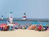 Lake Michigan, White sandy beaches, rides for kids, volley ball nets, jetty for fishermen, lighthouse, amenities,
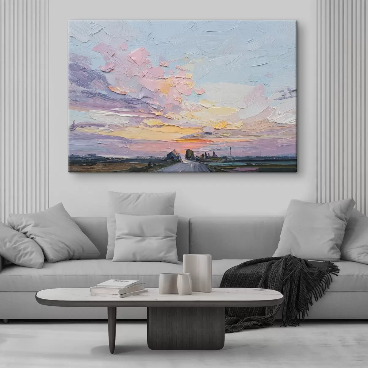 Paveikslas Kaimo kraštovaizdžiai aliejinio stiliaus piešinys, saulėlydis Nr s44794
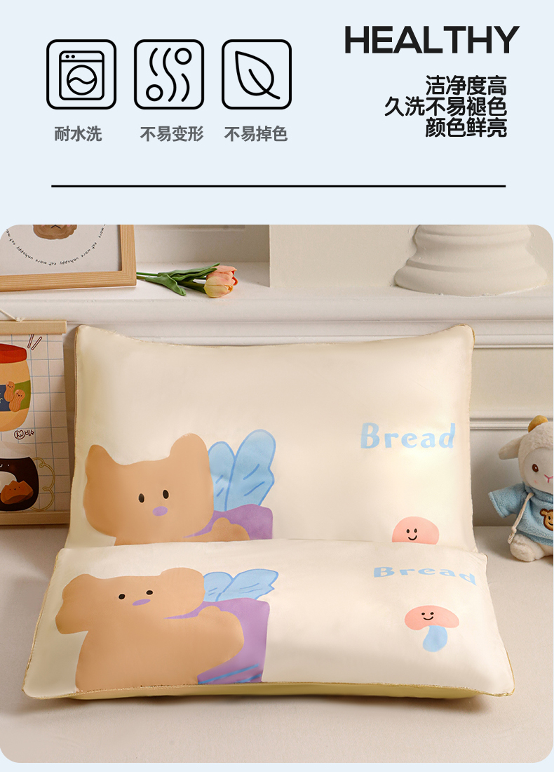 布凡家居 2026新款A类60支莱赛尔天丝枕套 枕套单件 萝卜熊
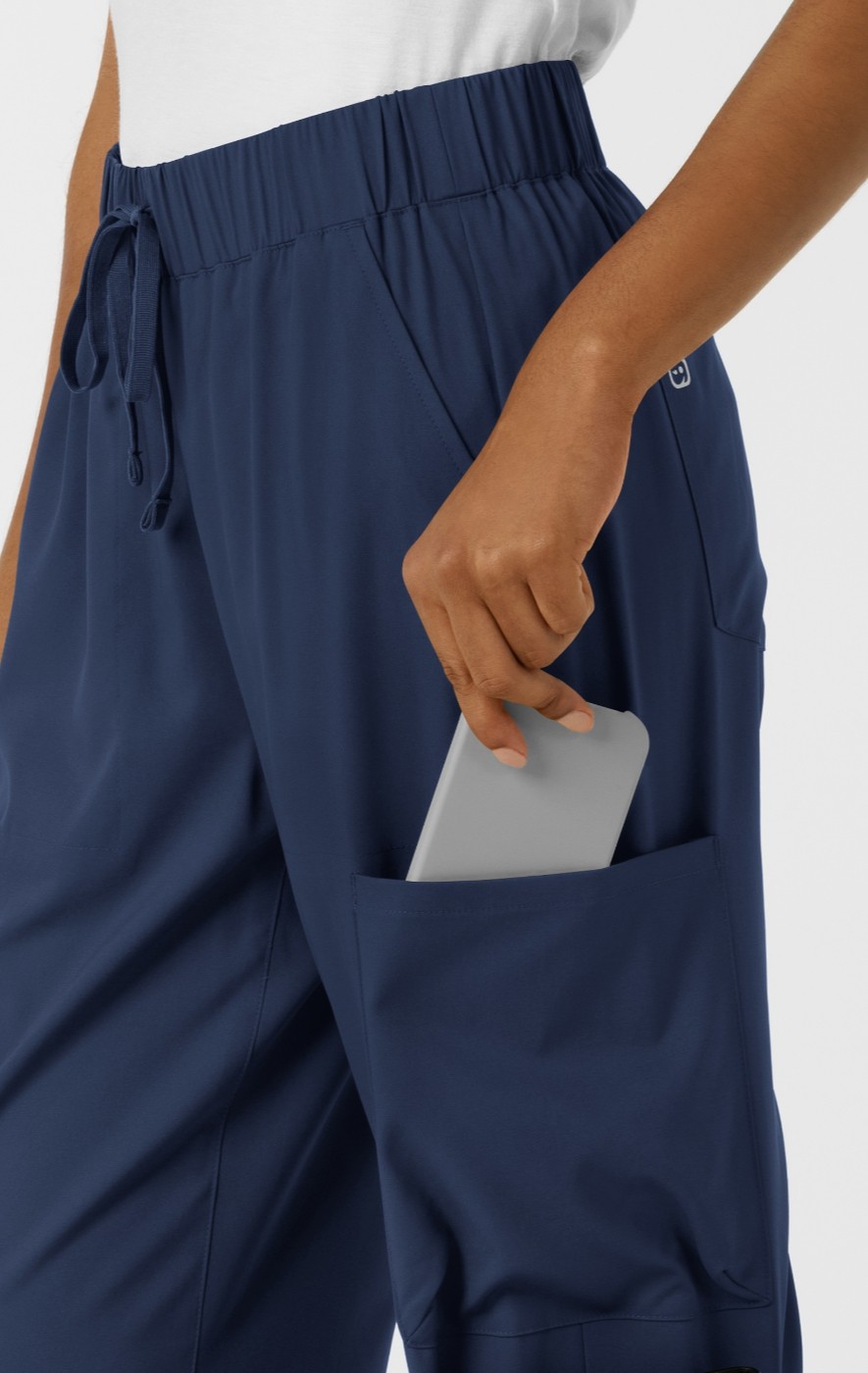 All the utility your job requires, in a stylish package. These women's scrub pants bring a fashionable sensibility to your look at work. Designed with a wide leg opening, they deliver the modern, on-trend silhouette you love when you're off duty. Four cargo pockets ensure you've got plenty of space to bring scissors, a thermometer, a stethoscope and even a snack with you as you move through your shift. Slant pockets in front and additional pockets in the back offer room for other tools and essentials like your phone or wallet. An adjustable drawstring on the elastic waist allows you to personalize the fit with every wear. These scrub pants are made of soft, stretchy material that feels good against your skin and lets you to move freely. Plus the material is sustainably made for planet-friendly style.
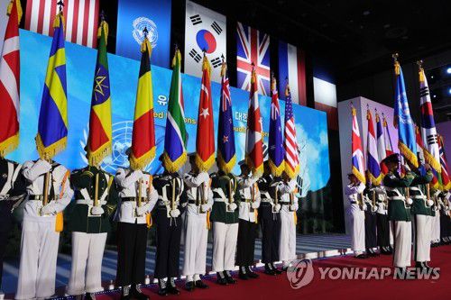 (고양=연합뉴스) 이정훈 기자 = 27일 경기도 고양시 킨텍스에서 열린 유엔군 참전의 날 기념식에서 참전국기가 입장하고 있다. 2025.7.27 uwg806@yna.co.kr ▶제보는 카카오톡 okjebo▶연합뉴스 앱 지금 바로 다운받기~▶네이버 연합뉴스 채널 구독하기 <저작권자(c) 연합뉴스, 무단 전재-재배포, AI 학습 및 활용 금지><저작권자(c)연합뉴스. 무단전재-재배포금지.>
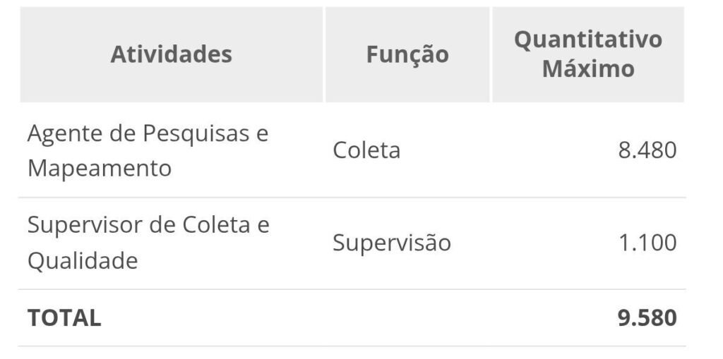 Do total de vagas, 8.480 serão para a função de Agente de Pesquisas e Mapeamento, responsável pela coleta de informações, e 1.100 para Supervisor de Coleta e Qualidade, que atua no acompanhamento e supervisão do trabalho de campo.
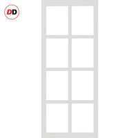 Top Mounted Black Sliding Track & Solid Wood Double Doors - Eco-Urban® Perth 8 Pane Doors DD6318SG - Frosted Glass - Cloud White Premium Primed
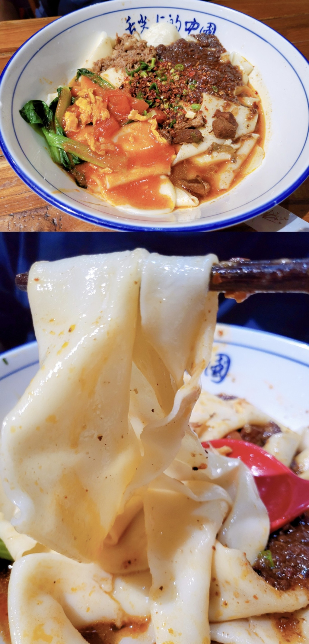 街口有一家青海牛肉麵店,進去點了一份牛肉湯麵和一份牛肉炒麵,不敢恭維,最後在街口餅店買了兩個餅回酒店解決晚餐了。
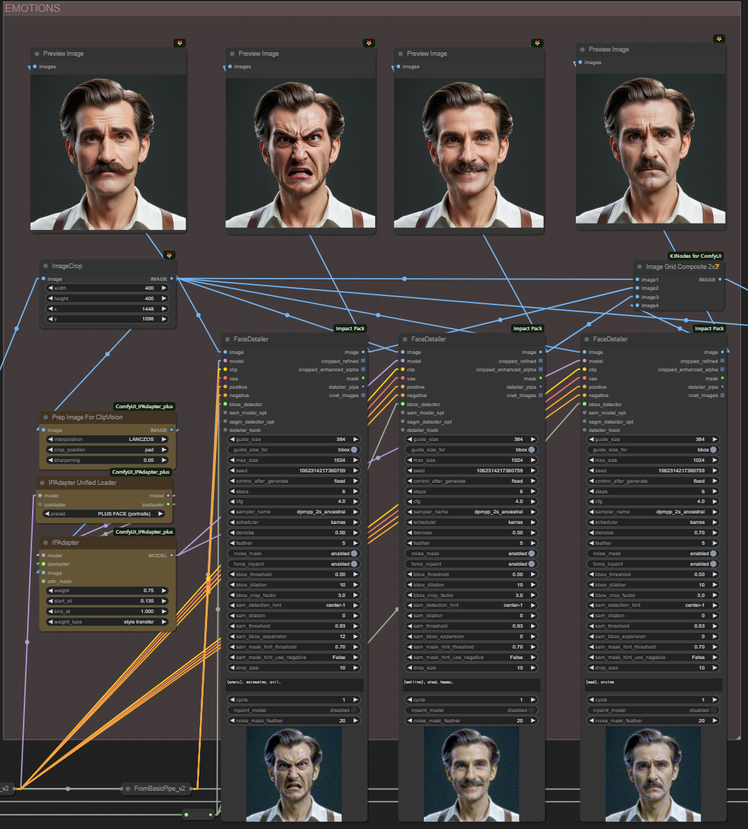 FaceDetailer 노드를 활용, IPAdapter Plus 커스텀 노드를 활용.
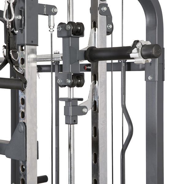 Konstrukcja naszej Suwnicy Smitha wprowadza zupełnie nowe możliwości do treningu siłowego. Dzieje się tak przede wszystkim za sprawą zespolenia mechanizmu przesuwnego z gryfem oraz systemem asekuracji. Ten model jest również wyposażony w dodatkowe elementy. Oznacza to, że decydując się na zakup CYKLOP 1 HMS, otrzymujesz urządzenie do kompleksowego treningu całego ciała. CYKLOP 1 HMS jest stabilnym urządzeniem klasy Semi Commercial. Sprzęt idealnie nadaje się do użytku komercyjnego w małych klubach fitness, siłowniach, a także w warunkach domowych. To urządzenie łączy klasyczną Suwnicę Smitha z wyciągami, dlatego twój trening będzie wykonany na 100%!
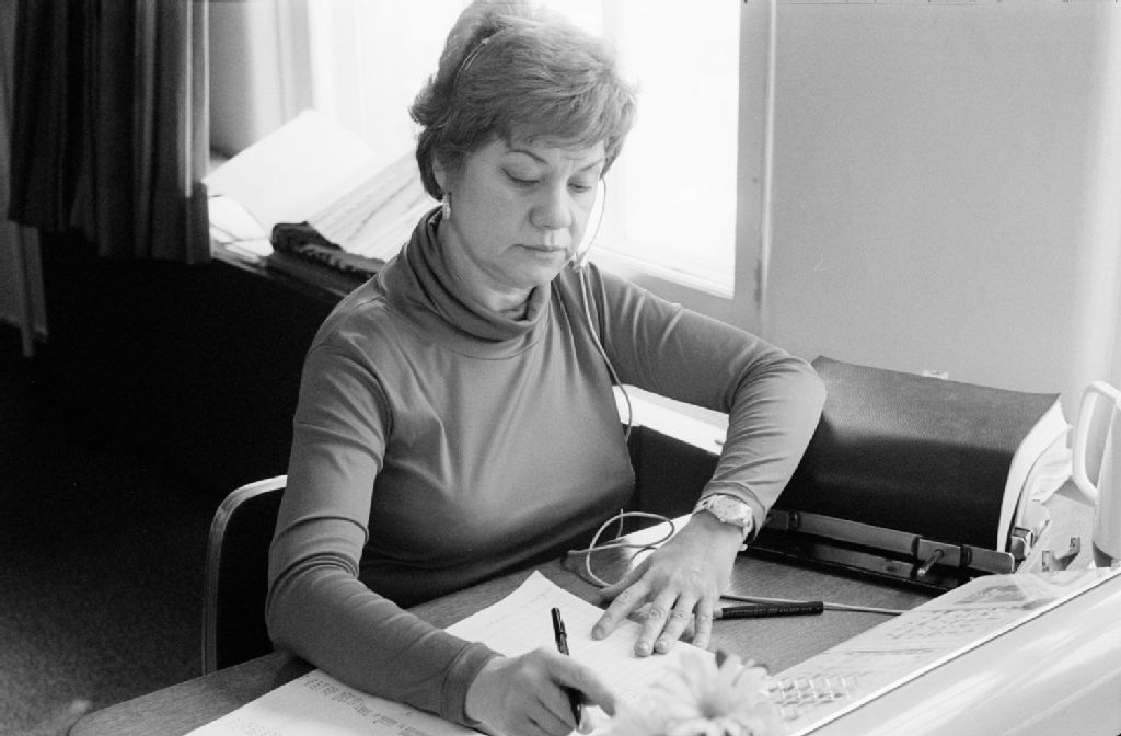 Photos de téléphonistes à leur travail à Inter-Centre, rue Ontario ouest, Montréal, 1979, Archives nationales à Montréal, Fonds Ministère de la Culture et des Communications, (06M,E6,S7,SS1,D790436-790438), Henri Rémillard.
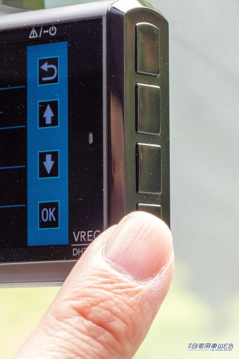 手が届きやすい右側面に装備されたボタンは大きくて扱いやすい。ドライブレコーダーを初めて購入する人でも快適に扱えるだろう。
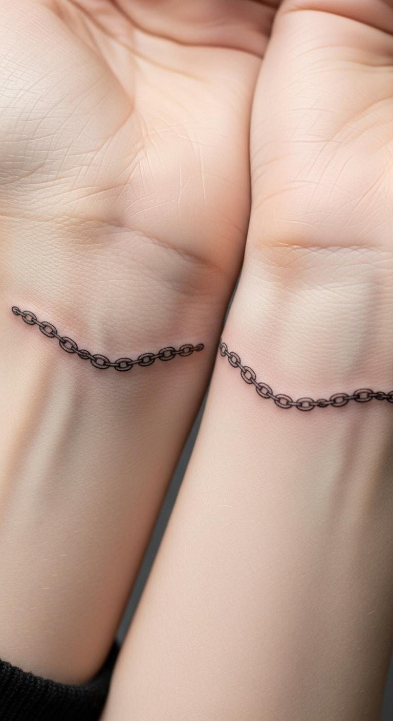 Linked symbols on wrists seal friendships. They mean loyalty. Match with pals. Around $30 each. Find buddy deals. Draw chains together. Use bracelets to preview. Place them side by side. Keep them clean for bonds. Try with colored strings.
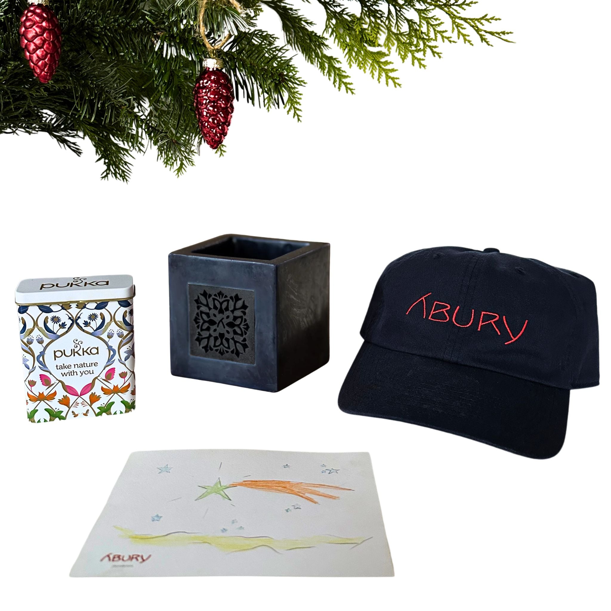 The ABURY Supporter Christmas Set brings together four special elements: a high-quality navy cap with red ABURY embroidery, a handcrafted wax lantern for cozy winter evenings, a small Pukka tea tin, and a hand-painted postcard from our preschool in Douar Anzal.
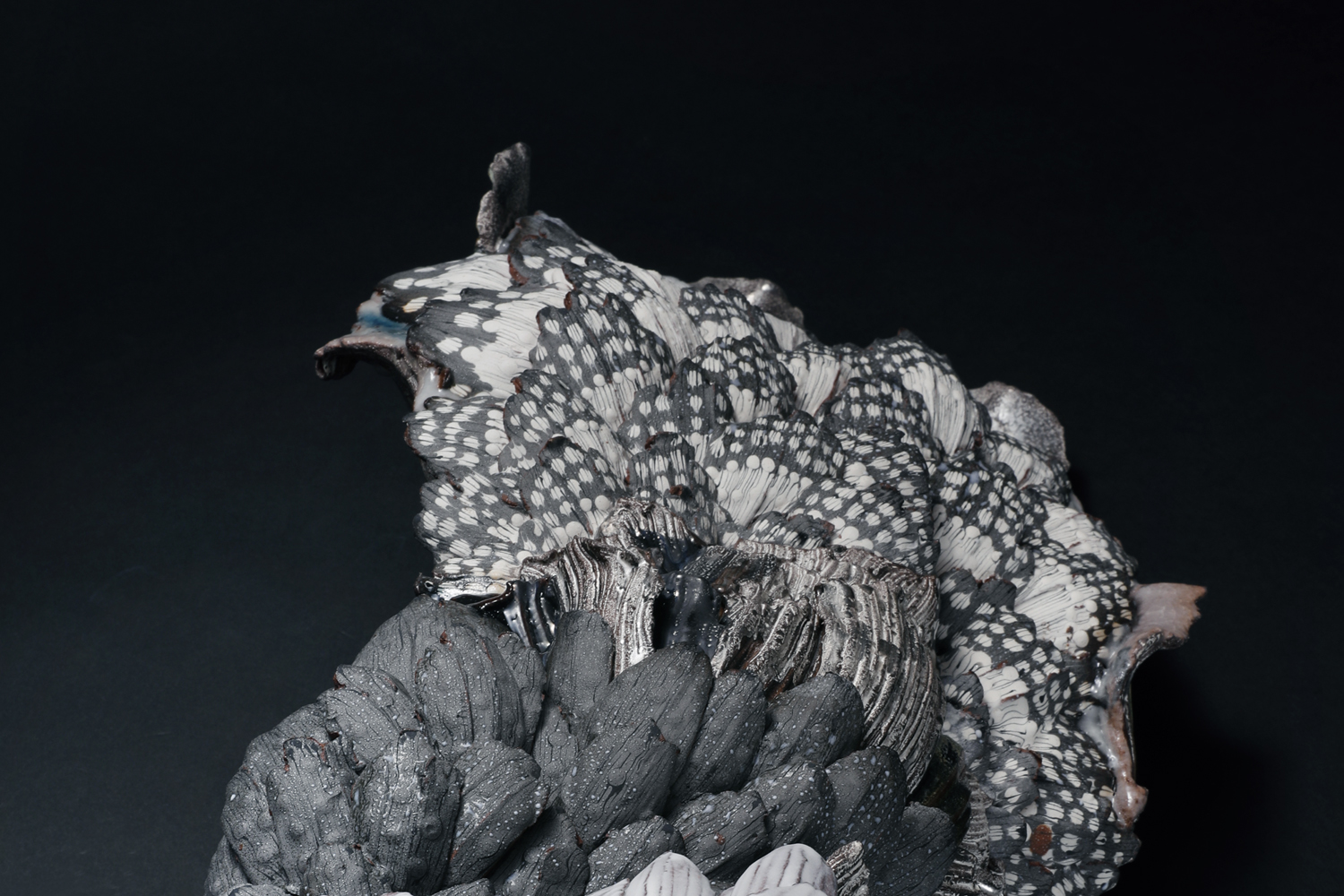 新宮さやかも七度目の個展となる。大きな荷を携え持って来てくれた写真の作品は、驚くべき丹精を尽した出来ばえで、何かの気配、兆しをはらみながら、メタモルフォーゼとか変態、生成変化というか変身のための、一瞬のストップモーションを呈示するかのようである。抽象が立っているということだろう。筆者は、彼女のなかに最も必要な継続の力を見る。継続とは一番の困難事なのだが、彼女はそれを限りある身の限り試そうとする人だと思う。彼女は、自身の心魂奥深くに眠る、美しく永遠なるものを懸命に想起しようとしているように見える。それは、作品とおのれにいまだ不足している、何か高きものを希求するといった姿勢であろう。彼女と彼女の作品との縁もすでに長きに渡るが、このご縁、向うから縁切りされない限り、この先も大切にしていきたく思っているのである。-葎-
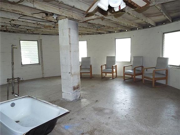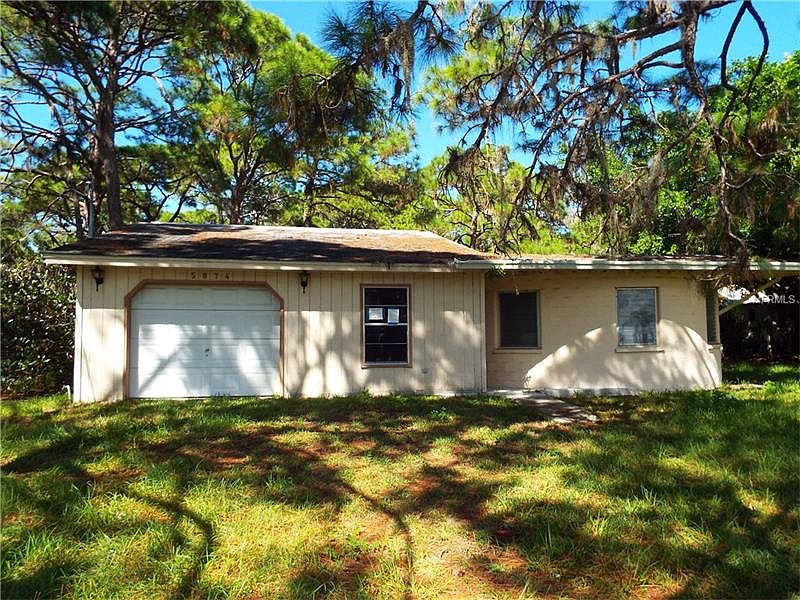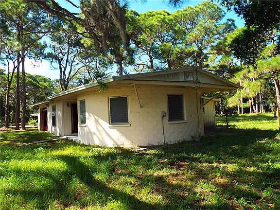 ONE OF A KIND ROUND HOUSE. This home started out as a 23 foot circle with kitchen, living, bath, bedroom all under an exposed beam ceiling with terrazzo floors and more charm then actual living space. The original owners worked for Ringling and used this home as a winter residence, lots of history here. Through the years a large addition was added creating a kitchen, huge living area, guest bedroom and garage. The original house became a master suite and acquired a metal roof over. The current owner field fenced the back yard and started a major renovation which has come to a halt. This idyllic, circa 1952 cottage, needs a new owner with vision, tools and a checkbook. The reward will be tons of sweat equity in a truly unique home situated on a 3/4 acre lot one mile from Manasota Beach with a colorful history to talk about. Better get AROUND to calling quick, this property is priced to sell.

※

Please repeat exactly the data above from its first line to the line that contains "(고양=연합뉴스) 이정훈 기자", inclusive, and leave every picture out.

 Lake Michigan, White sandy beaches, rides for kids, volley ball nets, jetty for fishermen, lighthouse, amenities,
 Paveikslas Kaimo kraštovaizdžiai aliejinio stiliaus piešinys, saulėlydis Nr s44794
 布凡家居 2026新款A类60支莱赛尔天丝枕套 枕套单件 萝卜熊
 All the utility your job requires, in a stylish package. These women's scrub pants bring a fashionable sensibility to your look at work. Designed with a wide leg opening, they deliver the modern, on-trend silhouette you love when you're off duty. Four cargo pockets ensure you've got plenty of space to bring scissors, a thermometer, a stethoscope and even a snack with you as you move through your shift. Slant pockets in front and additional pockets in the back offer room for other tools and essentials like your phone or wallet. An adjustable drawstring on the elastic waist allows you to personalize the fit with every wear. These scrub pants are made of soft, stretchy material that feels good against your skin and lets you to move freely. Plus the material is sustainably made for planet-friendly style.
 (고양=연합뉴스) 이정훈 기자 = 27일 경기도 고양시 킨텍스에서 열린 유엔군 참전의 날 기념식에서 참전국기가 입장하고 있다. 2025.7.27 uwg806@yna.co.kr ▶제보는 카카오톡 okjebo▶연합뉴스 앱 지금 바로 다운받기~▶네이버 연합뉴스 채널 구독하기 <저작권자(c) 연합뉴스, 무단 전재-재배포, AI 학습 및 활용 금지><저작권자(c)연합뉴스. 무단전재-재배포금지.>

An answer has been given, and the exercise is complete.